Abstract
Background
Anesthesia today has strived to decrease labor pain in a tolerable and controllable fashion. Intrathecal midazolam has been introduced as an adjunct to analgesics. The study was planned to assess the efficacy, safety and duration of analgesia produced by intrathecal midazolam adjunct to sufentanil in decreasing labor pain.
Methods
In a randomized clinical trial 80 parturient included in the study. The two groups were matched for age, cervical dilation, gravid, gestational age, and other demographic characteristics. Combination of sufentanil and midazolam administered intrathecally to experimental group and compared to sufentanil group. Time to reach maximum block, and pain score was measured and recorded.
Results
Groups were matched for age and weight and other demographic characteristic. No significant adverse effect was seen in both groups including decrease in Apgar score. Duration of analgesia was 92.0 ± 12.7 in sufentanil group and 185.2 ± 15.2 minutes in midazolam and sufentanil group which was significantly different (P = 0.002). Numeric rating scale score was significantly lower in midazolam group compare to sufentanil group at 120 min (P = 0.01), 150 min (P = 0.0014), and 180 min (P = 0.001).
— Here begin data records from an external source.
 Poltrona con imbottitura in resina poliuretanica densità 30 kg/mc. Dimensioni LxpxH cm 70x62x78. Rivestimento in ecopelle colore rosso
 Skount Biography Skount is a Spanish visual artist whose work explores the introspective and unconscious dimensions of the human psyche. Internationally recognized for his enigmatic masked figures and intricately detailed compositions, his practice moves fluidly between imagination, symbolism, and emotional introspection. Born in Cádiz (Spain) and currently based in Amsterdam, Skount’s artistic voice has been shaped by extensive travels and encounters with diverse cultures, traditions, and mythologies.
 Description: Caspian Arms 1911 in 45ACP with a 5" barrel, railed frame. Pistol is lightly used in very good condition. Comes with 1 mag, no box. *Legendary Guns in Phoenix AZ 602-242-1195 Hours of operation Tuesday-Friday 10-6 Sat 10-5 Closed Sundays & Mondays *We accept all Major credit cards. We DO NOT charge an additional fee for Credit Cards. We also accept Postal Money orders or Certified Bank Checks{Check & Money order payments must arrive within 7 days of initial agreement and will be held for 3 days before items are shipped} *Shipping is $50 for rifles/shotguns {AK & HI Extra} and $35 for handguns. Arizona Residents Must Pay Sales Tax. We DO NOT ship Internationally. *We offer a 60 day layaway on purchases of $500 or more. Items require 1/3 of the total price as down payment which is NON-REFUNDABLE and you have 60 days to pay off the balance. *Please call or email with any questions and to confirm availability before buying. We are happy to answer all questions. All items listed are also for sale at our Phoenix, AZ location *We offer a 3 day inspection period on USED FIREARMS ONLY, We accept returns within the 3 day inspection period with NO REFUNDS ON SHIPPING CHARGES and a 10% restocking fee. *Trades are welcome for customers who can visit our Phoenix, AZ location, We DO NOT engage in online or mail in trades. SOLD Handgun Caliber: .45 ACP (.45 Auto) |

Current anesthetic protocols aim to decrease labor pain in a tolerable and controllable fashion with few side effects [1]. The drug of choice in neuraxial anesthesia is debatable because both high quality and an appropriate duration of analgesia without major side effects are required [2]. Intrathecal injection of local anesthetics such as bupivacaine or opioids has been attempted [3], but sustainable and assured analgesia during labor has not been established. Therefore, the duration and effects of analgesics must be enhanced by adding adjuncts. Furthermore, loss of lower limb and pelvic muscle power can affect the bearing-down reflex and result in labor muscle relaxation. Moreover, the recommended doses of opioids have shown variable value in labor pain control in all settings [4].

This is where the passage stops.